I have often heard of people having those "A-Ha" moments and thought to myself, "What a bunch of crap!" But as I was driving that long commute to work early this morning, I actually had one.
Six days a weeks I drive 35 miles on I-75 to a small town where I work. At 5:30 in the morning, there isn't much traffic... usually just me and the truckers. Often my mind wanders as I listen to the radio or some CD. On this morning, I was thinking on how much I would like something... some material object that is out of my financial reach. When all of a sudden it hit me. I HAVE A GOOD LIFE!
That made me stop my wandering mind and actually focus on what I HAVE. I may not own my own home, but the apartment where I have lived for the past 10 years is nice. Small, yes, but just enough for me. The furnishings are quite lovely, and I am comfortable there. I keep it up (OCD won't let me do otherwise) and have had many compliments on it. I may not drive an expensive luxury car, but drive a newer Nissan that I really like. My job may not be in the field I choose, but it IS a job, and I have met some interesting people there. It pays well, and at times I actually enjoy being at work. I don't go hungry, all the bills are paid on time, I'm not in debt of any kind, and if there is something I want, I can usually obtain it. I may not be as thin or as in shape as I once was.... but for a woman pushing 45 I look damn good! My close friends are few, but they love me unconditionally and are always there for me.
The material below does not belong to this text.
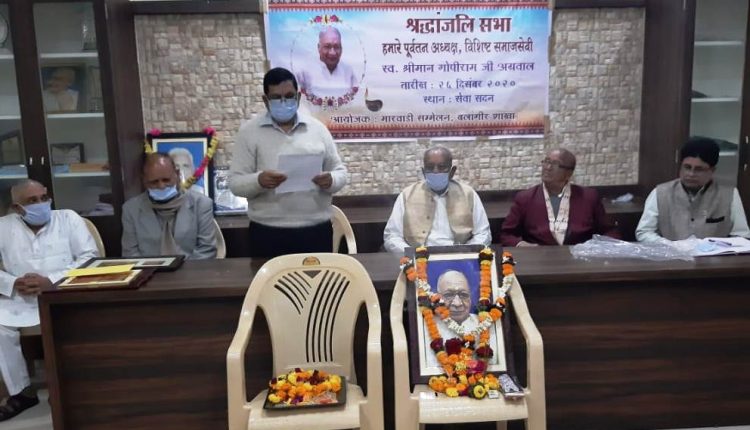 ବଲାଙ୍ଗିର, (କେପିଏନ୍ଏସ୍): ବରିଷ୍ଠ ଆଇନଜୀବୀ, ସମାଜ ସେବୀ ସ୍ୱର୍ଗତ ଗୋପୀରାମ ଅଗ୍ରୱାଲଙ୍କ ଗତ ୧୯ ତାରିଖରେ ସ୍ୱର୍ଗବାସ ହୋଇଥିଲା । ସେ ଅଂଚଳର ଜଣେ ଜଣାଶୁଣା ସମାଜସେବୀ ଥିଲେ । ଆଜି ବଲାଙ୍ଗିର ସହରର ସେବା ସଦନ ପରିସରରେ ତାଙ୍କ ସ୍ମୃତି ଚାରଣ ପାଇଁ ଏକ ଶ୍ରଦ୍ଧାଞ୍ଜଳି ସଭାର ଆୟୋଜନ ମାରୱାଡି ସମ୍ବେଳନର ଅଧ୍ୟକ୍ଷ ମହେନ୍ଦ୍ର ଅଗ୍ରୱାଲଙ୍କ ସଭାପତିତ୍ୱରେ ଅନୁଷ୍ଠିତ ହୋଇଥିଲ । ଏହି ଅବସରରେ ସ୍ୱର୍ଗତ ଗୋପୀରାମ ଅଗ୍ରୱାଲଙ୍କୁ ମରୋଣତ୍ତର ସମାଜ ଗୌରବରେ ସମ୍ମାନିତ କରାଯାଇଥିଲା । ନାଗରିକ କମିଟିର ସଭାପତି ବିକ୍ରମ ବହିଦାର, ମାରୱାଡି ପଞ୍ଚାୟତ ସଭାପତି ପ୍ରକାଶ ଅଗ୍ରୱାଲ, ସମାଜ ସେବୀ ଇଂ ମଗନଲାଲ ଅଗ୍ରୱାଲ, ସ୍ୱର୍ଗତ ଗୋପୀବ ବାବୁଙ୍କ ପୁଅ ଦିନ ଦୟାଲ ଅଗ୍ରୱାଲ ମଞ୍ଚାସୀନ ଥିଲେ । ସଭାକୁ ପରିଚାଳନା କରିଥିଲେ ମାରୱାଡି ସମ୍ବେଳନର ସଂପାଦକ ମୋହନ ଅଗ୍ରୱାଲ । ସ୍ୱର୍ଗତ ଗୋପୀରାମ ଅଗ୍ରୱାଲଙ୍କ ଚିତ୍ରରେ ପୁଷ୍ପାଞ୍ଜଳୀ ଅର୍ପଣ ସହିତ ବିଭିନ୍ନ ବକ୍ତାମାନେ ଗୋପୀରାମଙ୍କ ରାଷ୍ଟ୍ର ଏବଂ ସମାଜ ପ୍ରତି ଅବଦାନକୁ ମନେପକାଇ ଥିଲେ । ଏହି ଅବସରରେ ନାଗରିକ କମିଟି ସମ୍ପାଦକ ବିଷ୍ଣୁପ୍ରସଦା କେଡିଆ, ଗୌରିଶଙ୍କର ଅଗ୍ରୱାଲ, ମନୋଜ ଜୈନ, ସଞ୍ଜୟ ଅଗ୍ରୱାଲ, ଗଜାନନ ଅଗ୍ରୱାଲ, ସମୀର ଅଗ୍ରୱାଲ, କୈଳାସ ଅଗ୍ରୱାଲ, ନନ୍ଦ କିଶୋର ଅଗ୍ରୱାଲ, ବାବୁଲାଲ ଖେଡିଆ, ରାଦେଶ ଅଗ୍ରୱାଲଙ୍କ ସହିତ ବହୁ ସଂଖ୍ୟାରେ ସଦସ୍ୟ ଗଣ ଉପସ୍ଥିତ ଥିଲେ । ଗୋପୀବାବୁଙ୍କ ଛୋଟ ଭାଇ ଶୁଶିଲ ଅଗ୍ରୱାଲ, କୋଲ୍ଡି ଅଗ୍ରୱାଲ ସମସ୍ତଙ୍କୁ ଧନ୍ୟବାଦ ଅର୍ପଣ କରିଥିଲେ ।

Then I thought about those that have very little. How many of them could only wish to trade lives with me?
So now, when I'm a bit depressed for whatever reason, I will think about this. So what if I have gained a few pounds. So what if I can't afford to take that vacation to Italy. So what if I have to work two weeks straight without a day off. SO WHAT!! I HAVE!!
Now when I have to wake up at 3:30am to prepare for work, I will count my many blessings. And only hope that YOU will, too. Before you start to whine and cry over what you don't have, take a moment and reflect on what you DO have. There are many who could only wish to have it so good!